И началась, ну что ты будешь делать, штатная вербовка. Николаю было предложено засунуть ржавую гранату без запала в свою сумку на дно и на контроле, проходя сканер, усыпить бдительность сержанта, убедив его, что это звенят невынутые осколки. Если Колобову проходить удается (начальник таможни обещал это сделать вне очереди), то газнийцы в награду получают то, о чем мечтали – сокращают время досмотра. Обе стороны, хлопнув по рукам, быстро сошлись в цене. Смущавшая Кольку неожиданная роль, тем не менее, навела на умное решение.
От завопившего сканера у сержанта округлились глаза.
– У меня в сумке граната,– спасая пограничника, шепотом признался Колобов. Повеселевший таможенник с удовольствием принял шутку.
– Скажи еще, что начальник таможни подложил. Проходи, без тебя таких хватает.

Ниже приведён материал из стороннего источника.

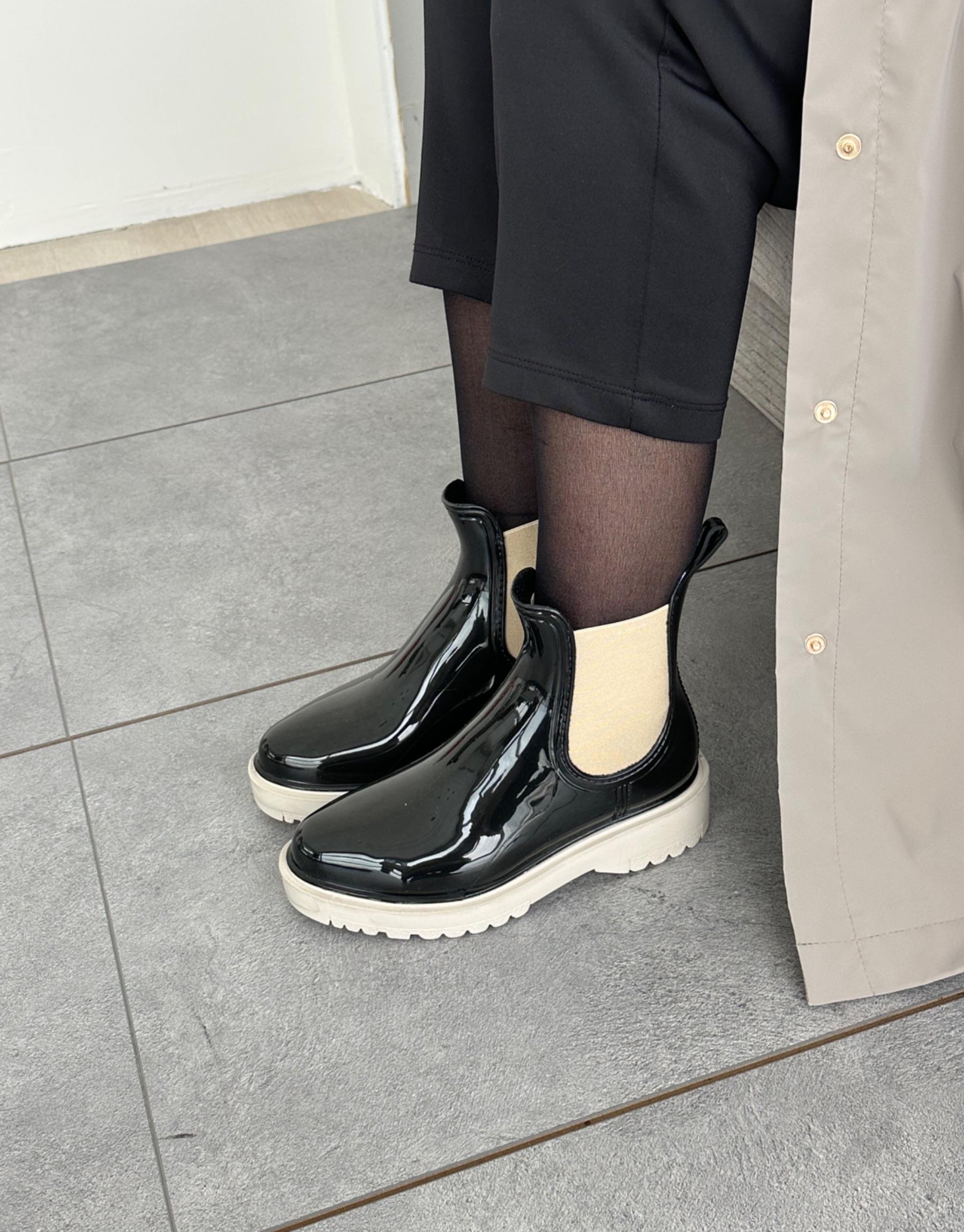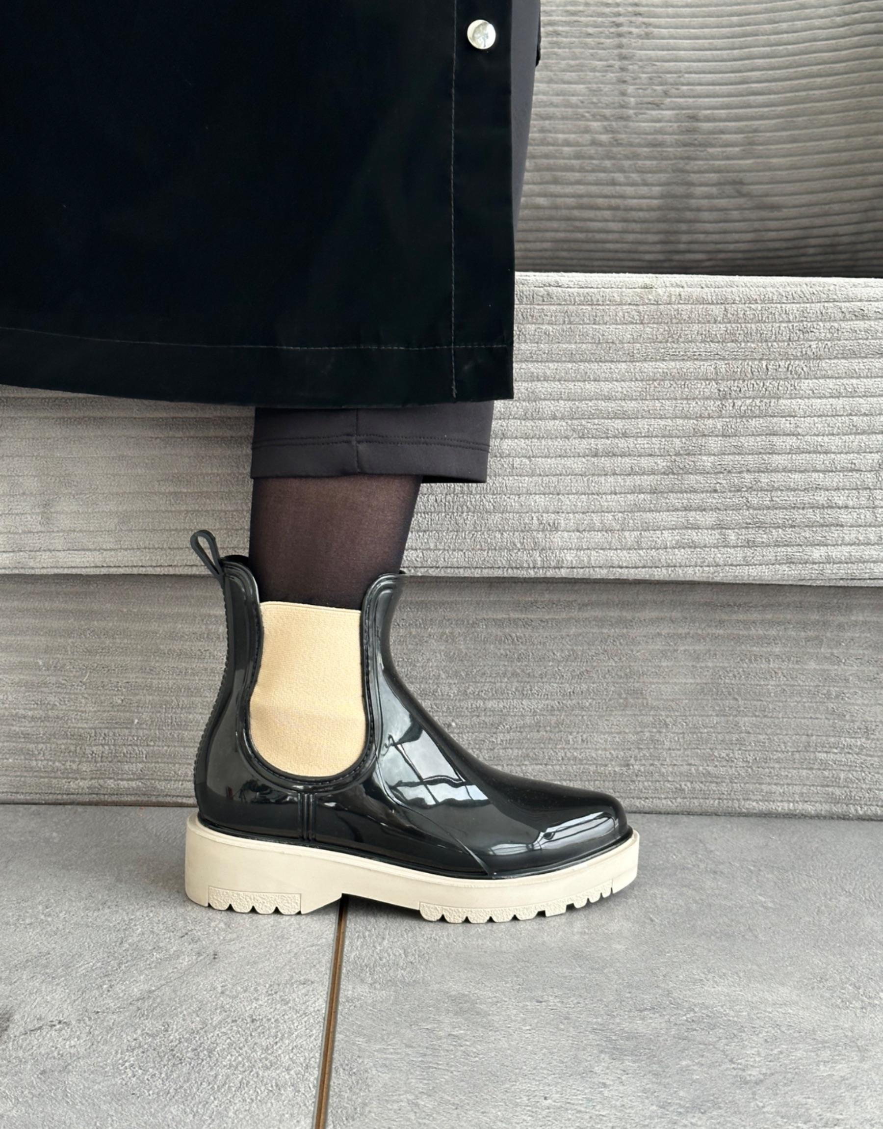 Bayan Siyaha Bej Seoul Yuvarlak Burun Lastikli Yağmur Botu | Fambella

Стоящий рядом второй пилот Тимка Распутин весело подытожил:
– Это звенит его железная воля!
Подошли к следующему столику:
– В сумке боевая граната,– Колобов, изо всех сил уговаривая взглядом женщину-прапорщика поверить ему, тянул с отходом. Та, не глядя на перебинтованного капитана, заполняя паспорт, негромко порекомендовала:
– Это не ко мне. Это к психиатру.
Дело принимало критический оборот. В Колькину честность никто не верил! Оказывается, благодаря честности через государственную границу можно было пронести любой груз. Группу контроля еле спас старший лейтенант, ставивший печать у выхода. Николай, шипя, так отчаянно убеждал его о наличии в сумке гранаты, что едва не подрался с ним. Когда, наконец, ошарашенный старлей решился все-таки досмотреть сумку, подскочивший полковник быстро загладил дело. Мужики уходили довольные: и время сэкономили, и погранцов не подвели.

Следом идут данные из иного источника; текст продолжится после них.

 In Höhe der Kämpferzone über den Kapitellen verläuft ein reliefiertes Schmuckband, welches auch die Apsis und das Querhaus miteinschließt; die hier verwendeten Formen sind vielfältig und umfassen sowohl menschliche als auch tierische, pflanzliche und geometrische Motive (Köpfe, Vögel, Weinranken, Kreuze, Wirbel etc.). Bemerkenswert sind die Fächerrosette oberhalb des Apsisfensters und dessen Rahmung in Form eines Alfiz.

Сутки спустя Колобов добирал здоровье в своем крепком семейном тылу. Жена с дочерью восстановили его на одном сердечном дыхании лучше любых врачей. Колька был в Афгане во второй раз. На первой войне Бог его от пуль миловал. Лишь под Гардезом, при добивании каравана, разрывная пуля, пробив дверь салона, инерционно влетела в пилотскую кабину, прошла между ног у борттехника, стрелявшего стоя из носового пулемета, в том месте, откуда ноги начинали расти, затем она ударилась о приборную доску и разорвалась. После этой удачи экипаж пил весь вечер за здоровье до полной невозможности произнести "будь здоров". В другой раз пробивший борт во время боя осколок от ЗГУшки, как лезвием срезал Колькино пилотское кресло. Он, сидя на полу вверх ногами, держа руки на ручке управления вертолетом выше головы, орал правому летчику:
– Управляй!.. Управляй... Тяни машину!
Лейтенант не сдрейфил, вывел борт в безопасное место и посадил его, как надо.